Seeing as we are talking about the ministerial code of conduct, I wanted to raise an issue out of question time this morning that is of much more concern and relevance to Tasmanian people, particularly people who live and work in aged care and those who love them. If you go to the ministerial code of conduct, the Premier says on the first page:

This code reflects the expectation that ministers while in the service of the people of Tasmania must uphold the highest standards of integrity and be honest, professional and accountable in the performance of all their duties.

It also says:

Ministers must not deliberately make statements that mislead parliament or the public and in line with parliamentary practice are obliged to correct the record in a manner that is appropriate to the circumstances as soon as possible after any incorrect statement is made.

Dr Woodruff stood up in here this morning, an epidemiologist, the most qualified person in this place to ask questions about the Government's COVID-19 response. She asked the Minister for Health to simply confirm what has been confirmed by the World Health Organization, leading independent experts and the Victorian Health Department and that is that COVID-19 is airborne. Throughout the course of the past two years, Dr Woodruff and I quite happily stood by Public Health advice. Some of that Public Health advice is truly baffling when you have a look at the growing body of evidence about this virus. There is a document that is distributed to aged care providers in this state that has the false statement that COVID 19 is transmitted through contact and droplet transmission.

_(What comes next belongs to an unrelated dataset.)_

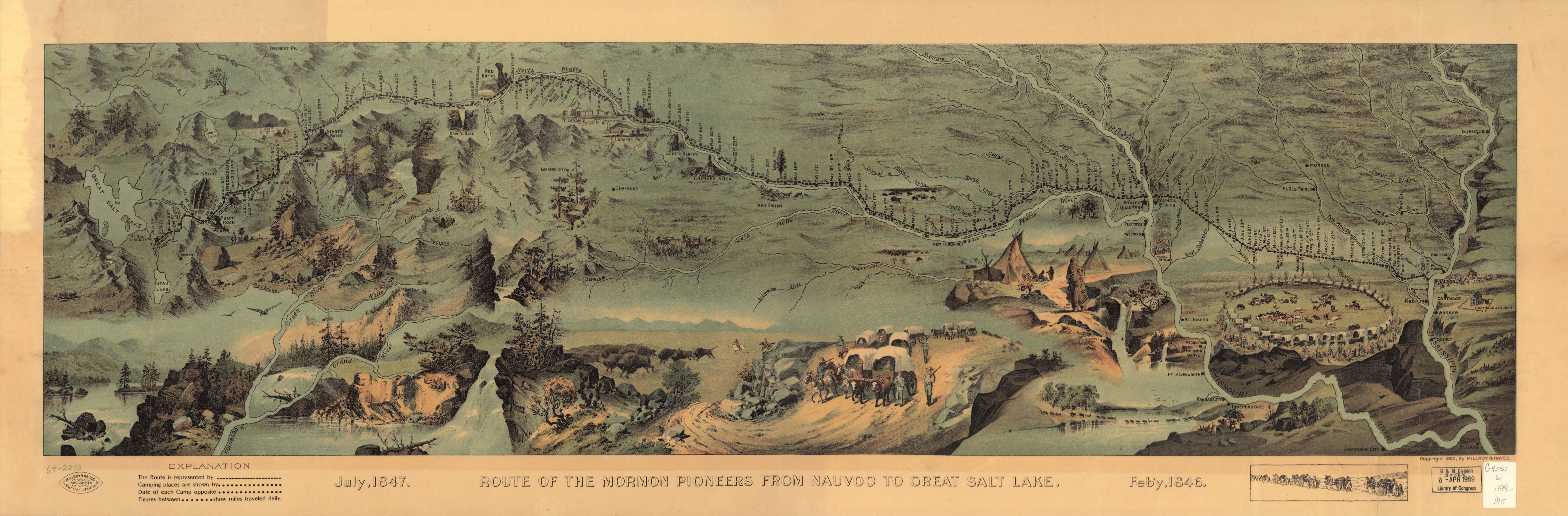 This colorful schematic map was printed in Denver for the New Wilson European Hotel in Salt Lake City in 1897, one year after Utah statehood, to commemorate the fifty-year anniversary of the Mormons’ arrival. The map is a chronological depiction of the Saints’ progress in 1847 across the Midwest and Plains, with miles traveled daily, and with vignettes showing a wagon train, a group of tepees, a buffalo herd, and numerous other scenes from the journey. The map includes place names, rivers, and mountains. Campsites along the route are noted with the dates on which the first emigrant party stayed at each site.

The World Health Organization has made it clear that it is airborne. We cannot even get the Minister for Health to acknowledge a scientific fact in this place.

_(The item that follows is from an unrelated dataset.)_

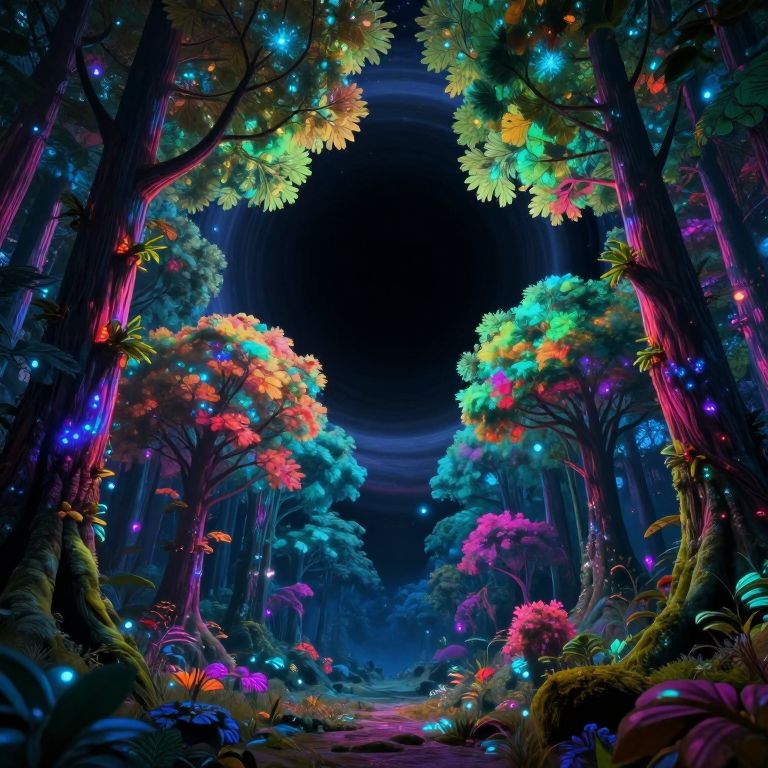 In the realm of surreal digital art, envision an extraordinary landscape where a vivid, neon-drenched forest converges with the brink of an enigmatic black hole. Majestic trees, their glowing leaves emitting a kaleidoscope of hues, stand at the precipice overlooking the vast chasm. This cosmic vantage point reveals a peculiar fusion: the serene splendor of nature harmonizing with the immense gravitational force of space-time. The panoramic scene should instill both fascination and reverence for the magnificence of this surreal cosmos, beckoning viewers to ponder the secrets concealed within its depths.

We have an entire document here going to our aged care providers which, at multiple points in the document, gives advice on how to prevent the contact and droplet transmission of an airborne virus. It is disgraceful and disrespectful that the Tasmanian Health minister cannot just acknowledge a scientific fact and commit to directing Tasmanian Public Health to update its outdated and dangerous advice to aged care providers. It is scandalous.

We have here the OzSAGE, a group of more than 400 independent experts who have written to every state premier, health minister and public health official to call for an urgent change of approach that accepts that COVID-19 is airborne and in order to prevent transmission hospitalisation and death we must clean up the air that people breath. There was no response to the OzSAGE letter about airborne transmission of February last year. We have looked for it and we have asked the OzSAGE group of experts whether they received a response. They did not.

This letter says:

Despite overwhelming evidence to support airborne or aerosol transmission of SARS CoV-2, this has not translated into appropriate and consistent public health and infection prevention control measures across Australian jurisdictions. While other countries promote the "3 Cs" (avoiding close spaces, crowded places and close contact settings), Australian guidelines continue to stress droplet and contact transmission … which have led to a focus on measures of limited or insufficient effectiveness, such as deep cleaning, handwashing, surface disinfection and 1.5 metre physical distancing.

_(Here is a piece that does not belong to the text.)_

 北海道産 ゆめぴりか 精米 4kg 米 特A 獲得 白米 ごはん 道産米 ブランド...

At the back of this correspondence, which the Tasmanian Government received, are the names, qualifications and institutions of about 400 independent health care experts. Infectious diseases specialists, immunologists, epidemiologists, calling on Australian governments to accept the science, and in accepting the science, reduce the rate of transmission and save lives. We cannot even get our own Health minister in Tasmania to acknowledge that truth. It is the truth. So, why is Tasmanian Public Health advising companies, providers who look after some of our most vulnerable people, with the wrong information about how to prevent transmission? It is a question this Health minister must respond to. We have been asked to ask these questions by people who work in aged care, who are being sent into unsafe settings in surgical masks against the advice of independent health care experts. If Mr Rockliff thinks he is going to get away with not acknowledging the truth, I just need him to know, we will be back.